La proximité évangélisatrice de l’Église se joue dans la diversité de ses lieux : une église, un relais paroissial, une école catholique, une aumônerie, un tiers lieu, un espace d’accueil. À condition cependant que ces lieux soient portés par des disciples-missionnaires qui se relient entre eux. Il n’y a pas de lieux vivants sans liens entre les vivants. Tout ce qui engendre du lien est précieux et nécessaire pour la vitalité d’un lieu. L’Église porte ainsi la responsabilité de contribuer, au nom de Jésus, à favoriser des liens entre tous dans les différents lieux. Cela suppose que les baptisés se réunissent en ces lieux pour imaginer ensemble comment témoigner du Christ dans la rencontre et l’hospitalité de tous. Cette perspective nous demande de quitter des logiques d’uniformité et de concurrence entre les lieux, comme si chaque lieu avait droit aux mêmes ressources pour une vie identique et séparée. Le défi du témoignage évangélique dans la proximité du monde est premier. Il est décisif. C’est par lui que nous commencerons à discerner les perspectives de notre réorganisation ecclésiale. Cependant, ce témoignage essentiel ne peut se vivre dans l’église catholique sans une relation vivante avec l’assemblée eucharistique, « source et sommet de la vie chrétienne », en lien avec le ministère presbytéral qui la préside.

Un deuxième volet de réflexion s’ouvre ici pour nous. Il touche à la signification et à la place de la convocation eucharistique et ses liens avec les différents lieux de proximité évangélisatrice. Il concerne la signification et la place du ministère sacerdotal et ses relations avec les autres ministères qu’ils soient ordonnés, institués ou reconnus, ainsi qu’avec l’ensemble des baptisés.

Entre la proximité du témoignage évangélique et le rassemblement de la communion du Christ, il y a un cordon nourricier, une relation vitale réciproque dont il est important de prendre soin. Il en va de même du lien au ministère des prêtres.

Le défi missionnaire de la proximité dans la communion de l’Église est au centre du questionnement de la nouvelle étape du renouvellement missionnaire de notre diocèse que nous allons commencer à vivre cette année. Nous interrogerons l’organisation actuelle de nos lieux d’Église : quelle vie nouvelle dans les paroisses et autres communautés d’Église ? Quels lieux de vie et de synodalité, de ressourcement et de partage favoriser la mission et la communion de l’Église en tenant compte de ses moyens ? La démarche interrogera aussi les acteurs de l’Église. Comment rendre plus participant le Peuple de Dieu à la mission ?

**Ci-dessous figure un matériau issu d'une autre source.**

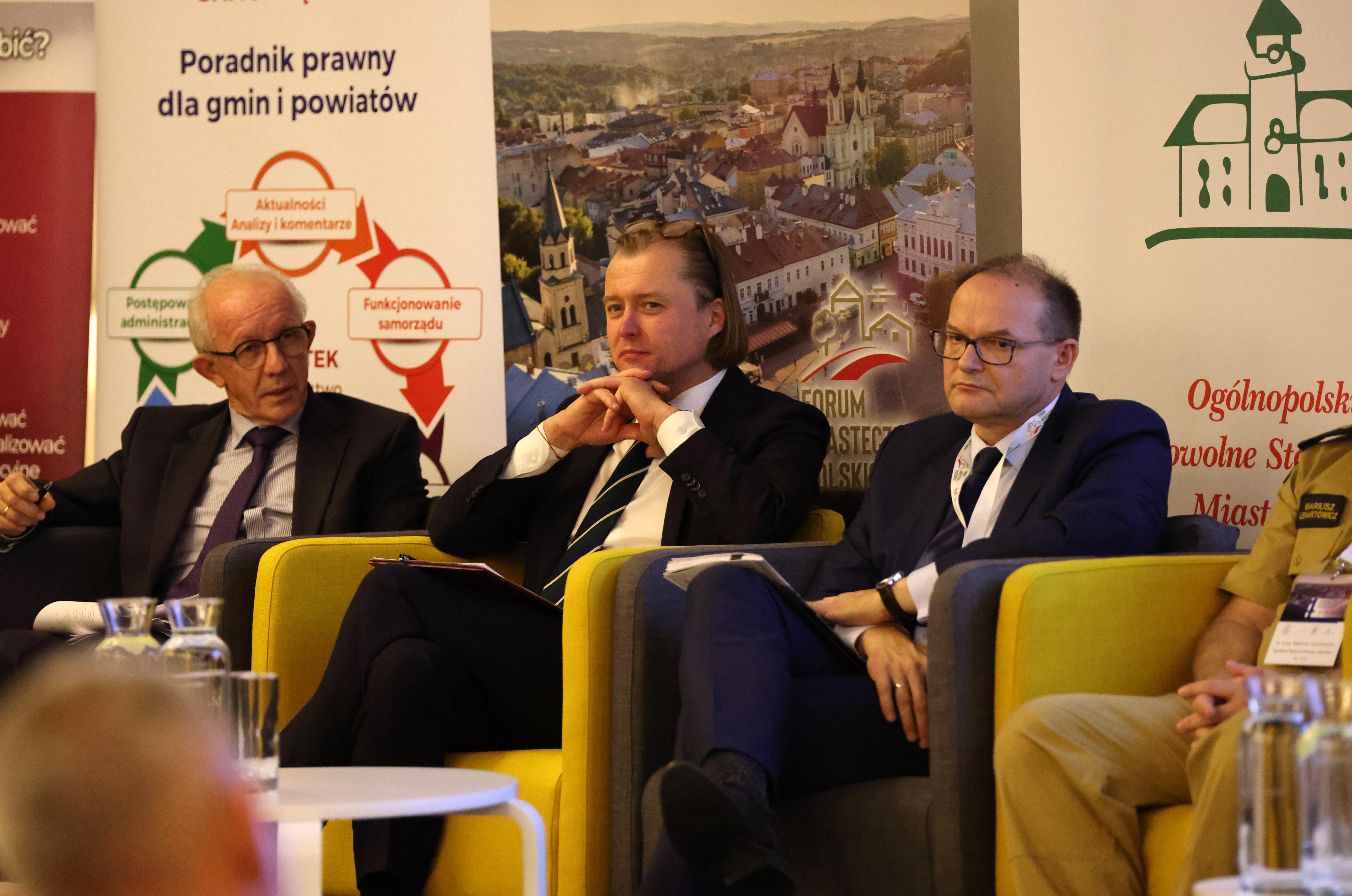 W panelu udział wzięli również st. bryg. Mariusz Lenartowicz Dyrektor Biura Ochrony Ludności w Komendzie Głównej Państwowej Straży Pożarnej, Marek Wójcik Pełnomocnik Zarządu, Ekspert ds. legislacyjnych Związku Miast Polskich oraz m.in. Adam Banaszak radny Powiatu Inowrocławskiego, Członek wspierający Unii Miasteczek Polskich.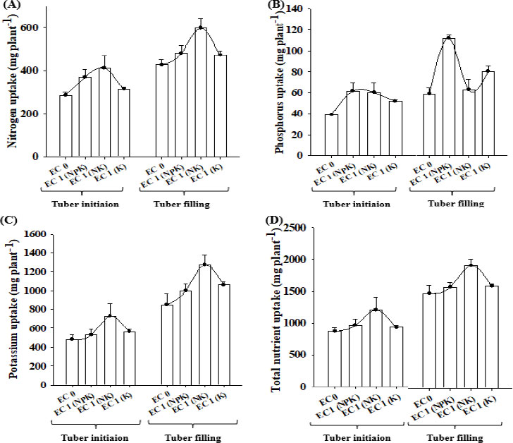 After we determined that nutrient uptake and growth were the best at the EC 1.0 concentration in the previous experiment, mixed or single-use fertilizers such as NPK, NK, and K were used to prepare the fertilizer solution at EC 1.0 and were applied at the tuber initiation and filling stages. Nitrogen and potassium uptake was highest in the NK treatment during both tuber initiation and filling and tended to decrease in the NPK, K, and irrigation treatments (EC 0) (Fig. 3). The uptake of phosphoric acid was highest in the NPK and NK treatments during the tuber initiation stage and highest in the NPK treatment during the tuber filling stage. Total nutrient uptake was the highest in the NK treatment in both the tuber initiation and filling stages, followed by the NPK, K, and irrigation (EC 0) treatments. Overall, the tuber filling stage had higher nutrient uptake than the tuber initiation stage.

Quelles missions donner aux prêtres, aux diacres et aux fidèles laïcs dans un territoire ?

Quels appels et quels changements à vivre dans le ministère des prêtres pour un regain de fécondité ? Quels modes de gouvernance mettre en place dans la diversité et l’articulation des ministères ? Quels appels vocationnels transmettre ?

Frères et sœurs, dans la communion diocésaine, je vous invite à vous avancer sans craintes sur ce chemin, portés par l’espérance en l’Esprit Saint, attentifs aux attentes spirituelles de notre temps, désireux de servir la mission de l’Évangile, engagés avec confiance dans le mouvement pascal de la mort à la vie.